WHAT TO WORK ON → Your task is to repeat the lines below exactly, excluding any pictures they contain.

PROVIDED MATERIAL →
================================

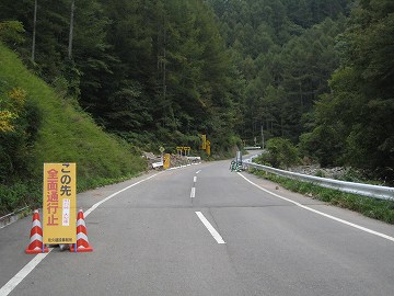 | 全面通行止の標識 | 路肩崩落 |
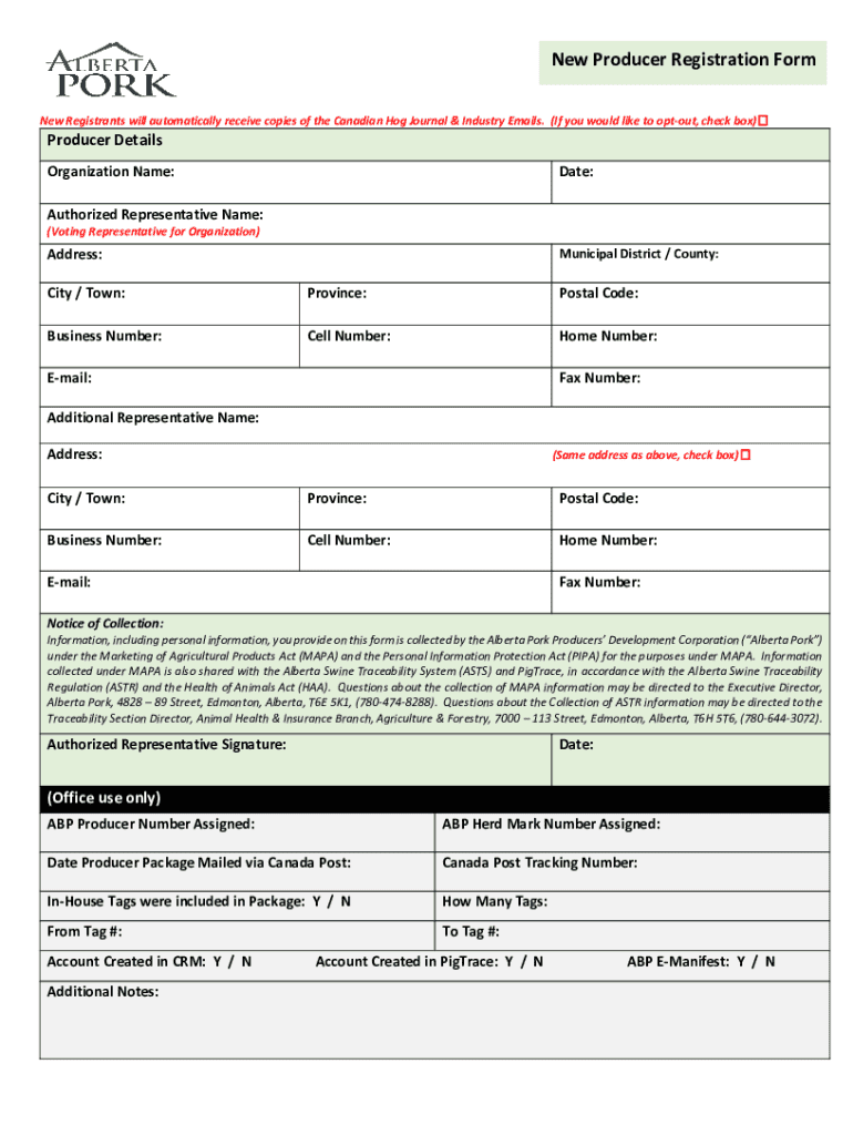 A form for new producers to register with the Alberta Pork Producers’ Development Corporation, providing information about their production type, premises, and authorized representatives.
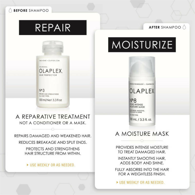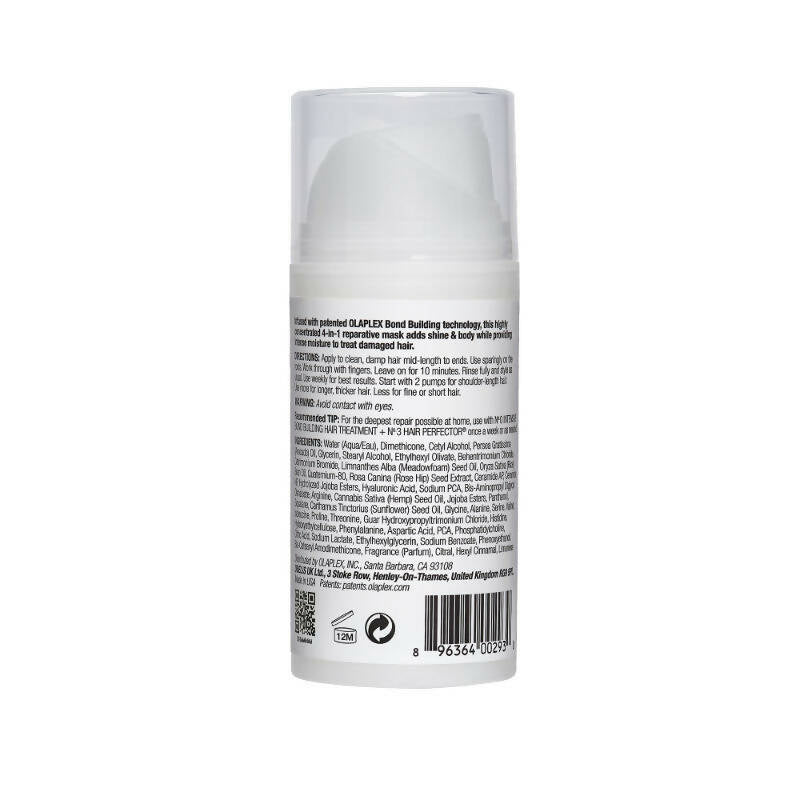 - What it is: Enriched with the exclusive OLAPLEX Bond Building technology, this potent reparative mask enhances shine, smoothness, and volume while delivering deep moisture to rejuvenate damaged hair.

================================

EXERCISE ANSWER →
 | 全面通行止の標識 | 路肩崩落 |
 A form for new producers to register with the Alberta Pork Producers’ Development Corporation, providing information about their production type, premises, and authorized representatives.
 - What it is: Enriched with the exclusive OLAPLEX Bond Building technology, this potent reparative mask enhances shine, smoothness, and volume while delivering deep moisture to rejuvenate damaged hair.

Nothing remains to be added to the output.